Ce qui aide à cette étape :
- Tout est final
Pourquoi les changements de timing coûtent cher :
À ce stade, personne veut des changements qui affectent le timing. Si quelqu'un en demande quand même, il doit comprendre ce que ça déclenche. Même un petit ajustement de timing crée une réaction en chaîne : les effets sonores syncés à des moments spécifiques tombent au mauvais endroit, les beats musicaux se désalignent, tout le mix audio part de travers. Ensuite vient le ping pong : figurer ce qui a mal tourné, où le timing a shifté, ce qui a besoin de re-syncing. C'est fixable, mais ce qui devrait être un wrap-up straightforward devient une session de troubleshooting, et ça arrive généralement quand tout le monde est déjà stressé parce que la livraison c'est demain.
10. Livraison
La livraison c'est la phase finale, le contrôle qualité, l'export dans tous les formats et specs requis, l'archivage des fichiers de projet, et l'envoi de tout au client.

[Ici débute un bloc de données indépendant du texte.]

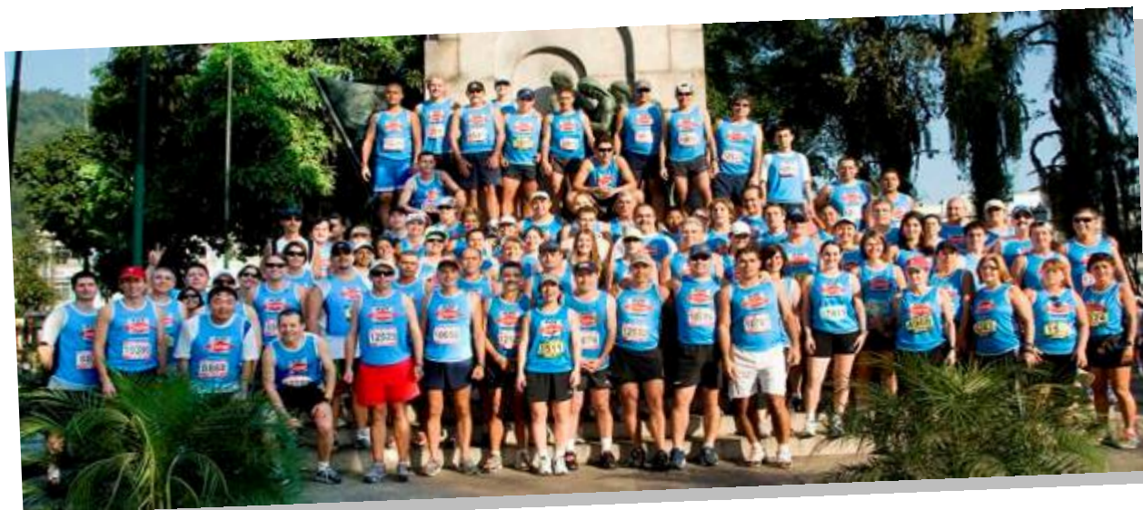
10 km – “A Tribuna”
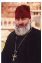
Такой храм напоминает нам об искуплении нас смертью Спасителя на кресте.

А храм, построенный в виде креста? Такой храм напоминает нам об искуплении нас смертью Спасителя на кресте. То же касается храма в виде круга, то он призван уверждать, что Церковь Христова будет существовать вечно.
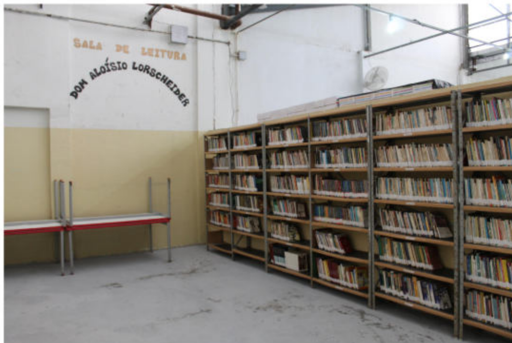
Sala de leitura

O local conta com uma biblioteca com um acervo de 3199 livros e com 03 presos monitores.
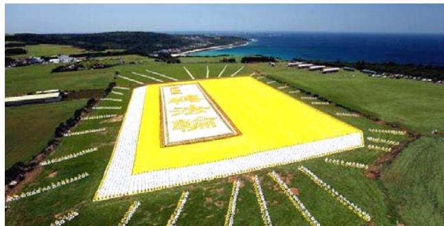
■ 2009 年 5 月 9 日，6000 多名台湾法轮功学员集体炼功，排演《转法轮》一书，贺大法传世十七周年。

● 弘传世界 各国褒奖 法轮功已弘传世界 114 个国家和地区，受到世界人民的爱戴和尊敬，获得各国政府褒奖、支持议案信函 3000 多项。法轮功书籍被译成 30 多种语言，在全世界出版发行，并可从网上免费下载。

Ce qui se passe normalement :
La vidéo finale passe un QC pour détecter les erreurs, les fautes de frappe, les glitches, les problèmes de timing. Elle s'exporte dans tous les livrables que le client a besoin, les formats pour les réseaux sociaux, les formats de présentation, les masters haute résolution. Les fichiers de projet s'organisent et s'archivent. Tout se package pour le handoff final.
Ce qui aide à cette étape :
- Des specs techniques claires du client (formats, résolutions, tailles de fichiers)
- Une approbation finale sur le contenu avant l'export
- Toutes les équipes regardent le contenu plus d'une fois
- Un package de livraison organisé avec des noms de fichiers
Checkpoint final :
À ce point, t'as regardé la vidéo tellement de fois que tu pourrais probablement la réciter frame par frame. C'est exactement le problème, ton cerveau a normalisé le glitch. La faute de frappe qui est là depuis le round deux ? Invisible pour toi maintenant. Le problème de timing ? Ça feel normal parce que tu l'as vu cent fois. C'est exactement pour ça que des yeux frais comptent. Quelqu'un qui a pas été deep dans le projet attrape ce que tu vois plus. Si t'es encore en train de fixer des problèmes des étapes précédentes, tu pourras pas focus sur ces détails finaux. Attrape les problèmes maintenant, pas après que le client l'a déjà partagé.
Note finale : La réalité des changements
Le processus de production fonctionne comme un entonnoir, on essaie de limiter les changements en cours de route parce que les changements c'est ce qui coûte du temps et du budget en travail créatif. Plus les décisions se lockent tôt, plus tout devient fluide.
Mais voilà la réalité : les changements sont inévitables. Le feedback du client arrive. Les priorités business shiftent. Quelqu'un voit ça et a une nouvelle idée. Le budget se fait couper. Un compétiteur lance quelque chose de similaire. La vie arrive.
La chose la plus importante c'est pas d'éviter tous les changements, c'est de trouver un motion designer qui comprend ça et qui gère les changements sans le prendre personnellement. Quelqu'un qui répond avec du problem-solving plutôt que de la frustration. Parce qu'au bout du compte, c'est le travail d'équipe qui fait du bon travail pour le client.
Si tu planifies un projet de motion design, utilise ce guide pour mettre les choses en place le plus simplement possible. Et quand des changements arrivent (ils arrivent toujours). Travaille avec quelqu’un qui comprend que ça fait partie du processus.